Bonifats Mvangi said he had decided to speak, despite “shame and guilt that he was sadomized by all things.”
Mvangi said he was held in Tanzania after a hike to the country to show solidarity with the detained opposition politician Tunda Lis.
At a press conference in the capital of Kenya Mvangi with tears claimed that he had been deprived of his naked, hung up his bottom, beaten on his feet and had sexual attacks during his detention.
The police chief in the head of Tanzania, the gift -es -sa -Salaam challenged the Mangui account and told the BBC that they were “opinions” and “strangers” coming from the activists.
“If they were here, I would do them, I would ask them what they say they mean … In law, these things are called strangers or other people’s evidence,” said Dzhuman Muliro.
He said the Mwangs should report to the authorities for the investigation.
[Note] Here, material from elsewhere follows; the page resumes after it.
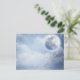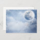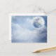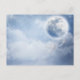 A postcard with a scenic moody blue sky with clouds and a big beautiful moon. 2 white swans flying off together.

President Tanzania’s government himself Suluha Hassan was accused of groups of the fact that they became more and more repressive on the eve of the October presidential and parliamentary elections.
Regional law groups called for an investigation, and Amnesty International said the Tanzania authorities should consider those responsible for “inhuman” treatment.
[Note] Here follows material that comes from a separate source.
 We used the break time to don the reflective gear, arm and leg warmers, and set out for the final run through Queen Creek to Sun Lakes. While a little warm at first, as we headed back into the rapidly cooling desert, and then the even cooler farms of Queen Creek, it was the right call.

Mvangi said he was owned by Tanzania’s authorities for several days together with Uganda Agatater activist Athaer, who also said Rape in detention.
On Monday, she attended a press conference in Nairobi, where Mvangi described her sexual violence in graphic details.
He said his crushes would be sexual attacks on him and ordered him to say “Asante” (thank you in Swahili) to his president.
Mvangi added that the officers told him that they were all filmed and will trace the footage when he was talking about what he had survived.
Mvangi told the BBC Newsday that torture left him in mental flour.
“You have a lot of nightmares, you have a lot of thoughts, and you are alone in the dark and you think you’re going to kill. So all the whole mental longing lives with you,” he said.
Mvangi said he wanted his medical documents to be published to “what happened to me, never happened to anyone else.”
“I have wounds all over my body, I have on private parts of my wound, I have on my feet, I have two broken fingers, I have fractures … That’s why I still fight.”
Mvangi and Atuhaer were among several activists who traveled to Tanzania two weeks ago in solidarity from the fox who acted in court on charges of treason that he denied.
It requires extensive changes, saying that the current laws do not allow free and fair elections that the government denies.
Fox was arrested on April 9 after the call of “without reforms or elections”.
Mvangi said the BBC that their visit to Tanzania had to emphasize the “fake business” of the fox, adding that it was not perceived by the authorities.
At the time, President Hassan warned that he would not allow activists from neighboring countries to “intervene” Tanzania.
The location of the Mvangi and Atuhar was unknown when they were carried out, which caused a wide condemnation.
Mvangi said his “kidnapping” is shocking in how brazen was the way he was “chosen from a very famous hotel”.
“So he was abducted during a wide daylight and never knowing where I was, and I was still tortured, means that the Tanzania government does not care what people think about it,” he said BBC.
Earlier, Atuhar said that, despite the fact that Uganda was “very dictatorial”, she did not imagine that “found the worst foreign country, the worst government.”
Mvangi said their experience showed that “as broken” countries of East Africa.
“So, it makes me more Panapican in this struggle,” he said to the BBC.
The US Department of Affairs Bureau has previously stated that it was deeply concerned about the stiff manner with two activists, noting that at 2024, “Athaer was recognized” in 2024 as an international awarded woman. “
Other activists, including former Minister of Justice in Kenya Marta Carois and former chief Judge Willie Mutung, were blocked from the entrance and were deported from the International Airport to the gift -us -Salam.
Additional Munira Hussein report in gift -es -Salame.